Their strategies were obvious. TI, Analog Devices, and the rest would offer their version of the MAX232 at a lower price than we would.

Despite the relentless price pressure, we maintained our market share. And we kept our gross margins above 70%.

As I look back, I realize TI and ADI might have been able to crush us, but they didn’t. The answer to why we beat our larger competitors explains both how you can defend yourself against a price oriented competitor, and how you can win with a price oriented strategy:

 

You need to understand that it’s almost always not about just having a lower price.

 

TI, ADI and the rest would announce their replicas of our MAX232 at around a 15% discount to our products. Each time our competitors lowered their prices we would lower our prices in return.

This is where we did the right thing, and this is where TI and ADI blew it. Our larger competitors assumed we would just give up as they kept lowering the price.

Instead we kept innovating while they never did innovate.

We kept coming up with new innovations and products that offered more value to our customers. This made the MAX232 less relevant over time because we moved customers to newer and better products. TI and ADI were left in the dust.

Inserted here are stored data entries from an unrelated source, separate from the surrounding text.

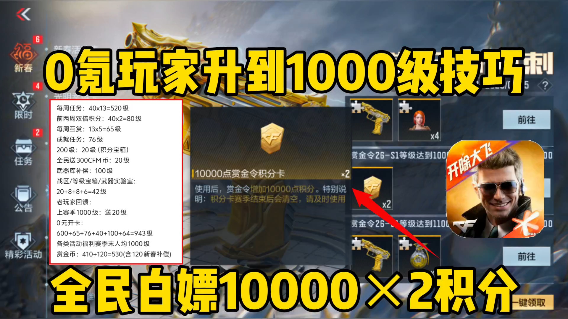 0氪玩家升1000级技巧,全民白嫖10000赏金令积分×2。
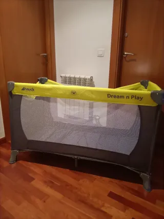 Cuna de viaje Hauck modelo Dream n Play, fácil de montar y transportar + colchón - Color gris con detalles en amarillo. - Laterales de malla para ventilación.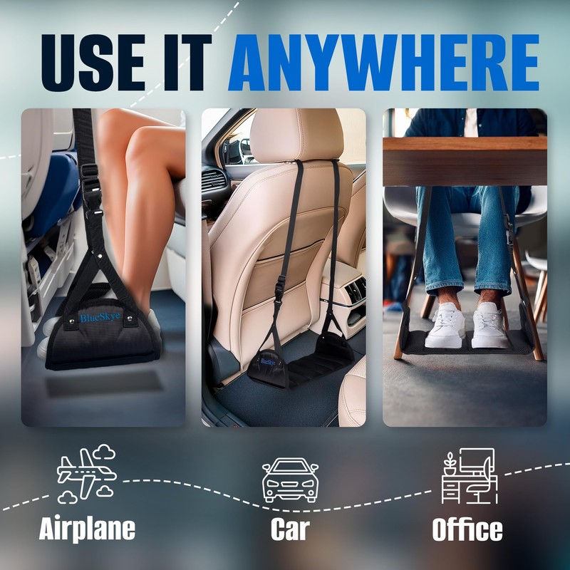 - Travel in Comfort - Our footrest elevates your feet, improving blood flow and relieving pressure from key areas like your lower back, ankles and feet, promoting comfort and better posture. Whether you're sitting at a desk for long hours or frequently traveling on flights, the BlueSkye airplane footrest is designed to ease discomfort.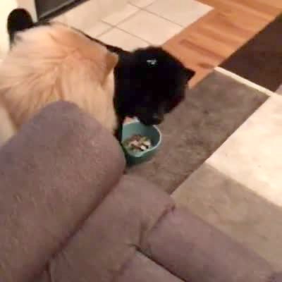 A dog growls in front of a food bowl until another dog next to her walks away, then she walks away and the other dog walks around the couch to the bowl of food.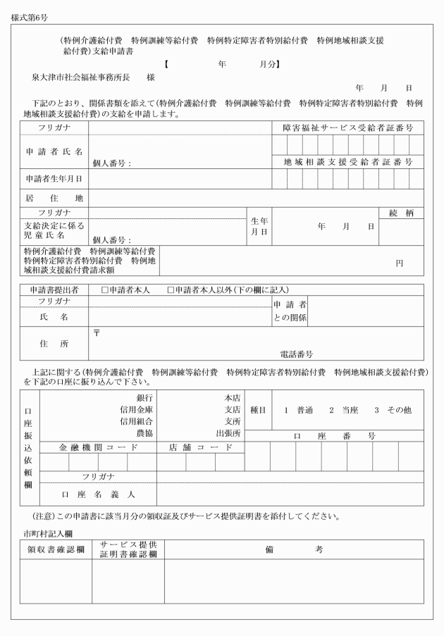 第7条 省令第31条第1項の規定による特例介護給付費及び特例訓練等給付費(以下これらを「特例介護給付費等」という。)の支給の申請書は、様式第6号とする。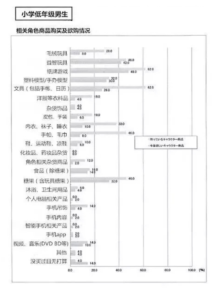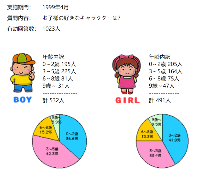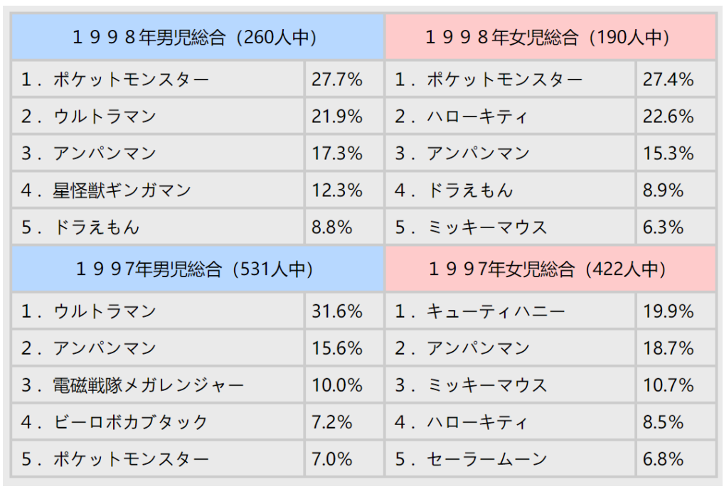 该调查覆盖0-2岁、3-5岁、6-8岁和9岁以上的男童女童。调查结果表明,1997年,日本男童最喜欢的五个IP从高到低为奥特曼、面包超人、电磁战队百万连者、铁甲小宝、口袋妖怪,女童最喜欢的为甜心战士、面包超人、米老鼠、凯蒂猫、美少女战士。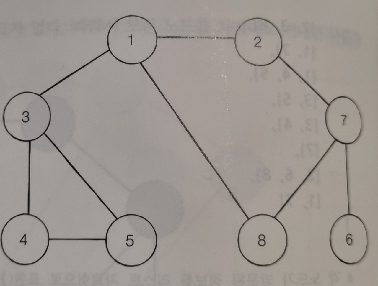 그래프는 노드(Node)랑 간선(Edge)으로 표현되며 이때 노드를 정점(Vertex)이라고도 말한다. 그래프 탐색이란 하나의 노드를 시작으로 다수의 노드를 방문하는 것을 말한다. 또한 두 노드가 간선으로 연결되어 있다면 '두 노드는 인접하다(Adjacent)'라고 표현한다.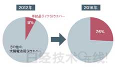 | 图7:占所有晶圆的1/4以上 类单晶硅晶圆的产量预计在2016年将占晶圆总产量的26%。(根据美国NPD集团太阳能电池部门Solarbuzz的数据制作) |
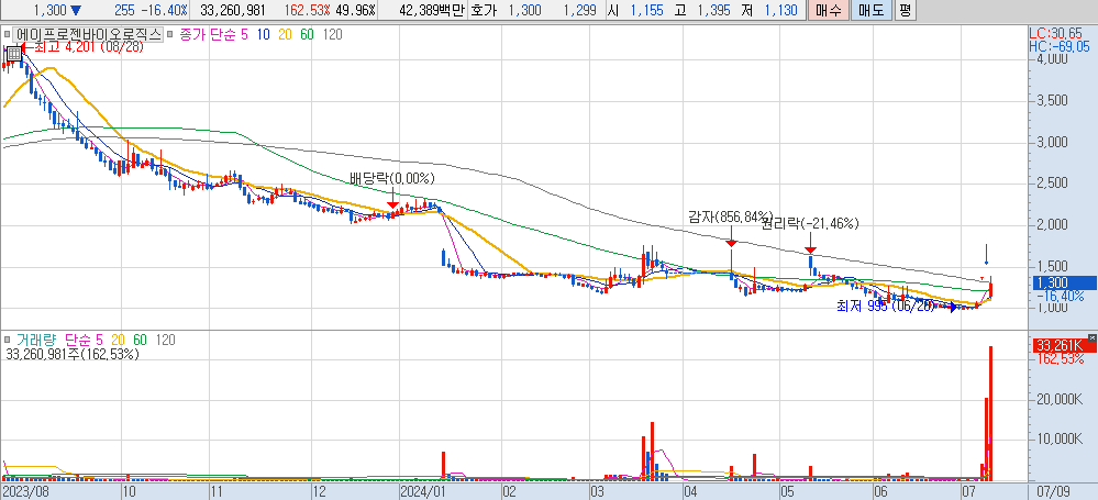 에이프로젠바이오로직스 주가가 유상증자 소식에 천당과 지옥을 오가며 롤러코스터를 타고 있다.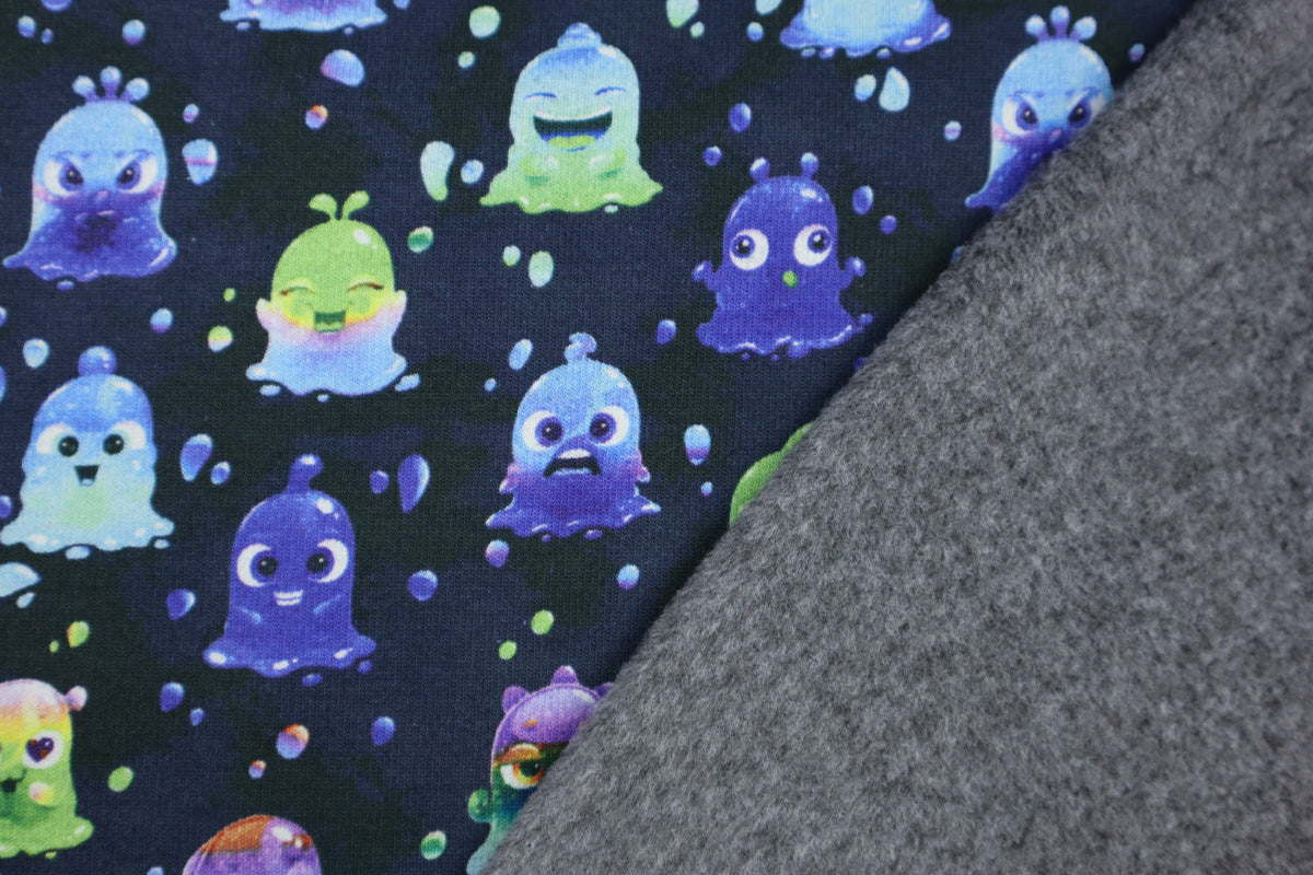 Die Vorderseite des Stoff ist Sweat, die Rückseite ist weicher, kurzer Fleece in Felloptik. Durch den Elasthan Anteil ist er angenehm elastisch und eignet sich super für Hoodies, Kleider, Hosen, Mützen, Loops und vieles mehr.

But it also shows the fatal flaw of just relying of TI’s and ADI’s lower price strategy:

 

You need to lower prices AND innovate if you’re going to win in a price sensitive market.

 

To this day I’ll never understand why TI and ADI didn’t try and leapfrog our position in the market. Instead, they seemed happy just following us. With their superior manufacturing capability, they might have won if they had innovated.

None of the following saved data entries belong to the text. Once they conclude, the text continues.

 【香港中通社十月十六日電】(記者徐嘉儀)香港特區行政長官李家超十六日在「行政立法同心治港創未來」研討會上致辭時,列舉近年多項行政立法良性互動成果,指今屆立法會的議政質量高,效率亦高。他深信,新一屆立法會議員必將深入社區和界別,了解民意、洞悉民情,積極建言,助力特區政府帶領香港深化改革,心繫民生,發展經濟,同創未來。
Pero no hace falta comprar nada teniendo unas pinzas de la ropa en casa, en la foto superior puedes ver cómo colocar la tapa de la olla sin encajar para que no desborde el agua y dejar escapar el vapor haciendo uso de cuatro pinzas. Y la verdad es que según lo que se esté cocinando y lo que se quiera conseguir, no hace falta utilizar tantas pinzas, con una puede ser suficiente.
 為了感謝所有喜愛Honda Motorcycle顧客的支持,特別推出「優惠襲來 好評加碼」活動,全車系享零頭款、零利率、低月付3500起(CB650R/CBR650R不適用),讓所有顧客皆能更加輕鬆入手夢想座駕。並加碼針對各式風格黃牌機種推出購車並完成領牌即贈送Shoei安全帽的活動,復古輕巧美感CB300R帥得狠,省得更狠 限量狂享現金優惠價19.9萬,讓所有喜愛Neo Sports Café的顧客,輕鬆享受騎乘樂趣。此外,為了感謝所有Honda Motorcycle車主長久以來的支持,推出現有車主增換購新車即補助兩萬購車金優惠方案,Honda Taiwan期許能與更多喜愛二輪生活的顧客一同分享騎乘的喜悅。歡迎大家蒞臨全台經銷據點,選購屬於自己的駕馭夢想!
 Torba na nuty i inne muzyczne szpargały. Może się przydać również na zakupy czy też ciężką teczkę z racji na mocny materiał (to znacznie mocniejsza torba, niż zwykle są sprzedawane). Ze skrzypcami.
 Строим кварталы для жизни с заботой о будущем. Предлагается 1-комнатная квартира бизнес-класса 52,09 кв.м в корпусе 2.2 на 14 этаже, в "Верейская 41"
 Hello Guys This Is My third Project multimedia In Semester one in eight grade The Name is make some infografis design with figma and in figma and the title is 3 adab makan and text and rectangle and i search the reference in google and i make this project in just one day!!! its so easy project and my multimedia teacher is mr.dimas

The lesson I took away from a small, startup perspective is that David can beat Goliath. You don’t fight their strength (in this case lower costs), but you take advantage of the inherent slowness big companies operate with.

 

You can’t be afraid to obsolete your own products.

 

Speed kills.

We moved at a rapid clip, introducing innovative product after innovative product, essentially obsoleting our earlier products. So by the time TI and ADI eventually tried to replicate our latest product, we were on the next thing.

They never did catch up. We dominated the market, building a $200M/year business with gross margins greater than 70%.